MATERIALS AND METHODS
2.1Sample preparation The reagents used in the synthesis of BG were 98% Tetraethyl Orthosilicate (TEOS) and 99% Triethyl Phosphate (TEP) (Sigma-Aldrich, USA), Methanol and Calcium Nitrate (Ca(NO3)2.4H2O) (Synth), Nitric Acid (HNO3) and 33% Ammonium Hydroxide solution (NH4OH) (Merck). Bioactive glass microparticles (BGMPs), with the nominal composition wt % of 60% SiO2, 36% CaO, and 4% P2O5 were prepared as described in previous works  by the acid hydrolysis of the alcoxides. The solids were ground and separated by sieving in the range of 38-150 m.

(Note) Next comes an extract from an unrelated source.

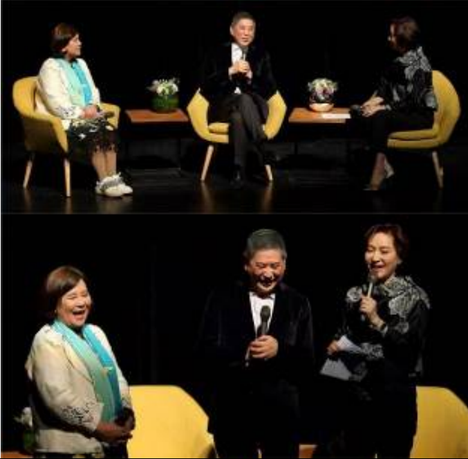
3/7 大師講堂 1

The BGNPs were also prepared as described previously  by the mixing of methanol, ammonium hydroxide and water, followed by the addition (dropwise) of TEOS and TEP. The sol was mechanically stirred for 48 h and then placed in an oven at 50°C until the ammonium had been completely evaporated. After, the sol was filtered in a 0.22 m Milipore, and Ca(NO3)2.4H2O was dissolved in the sol and mixed for 24 h. The nanoparticles formed were separated by subsequent filtrations in a 0.22 and 0.11 m Milipore and submitted to freeze drying. The powders obtained were thermally treated at 200ºC for 40 min, at a heating rate of 1ºC/min. At the end of the process, well-dispersed bioactive glass nanoparticles, with an average diameter of (87 ± 5) nm, were obtained without grinding or sieving.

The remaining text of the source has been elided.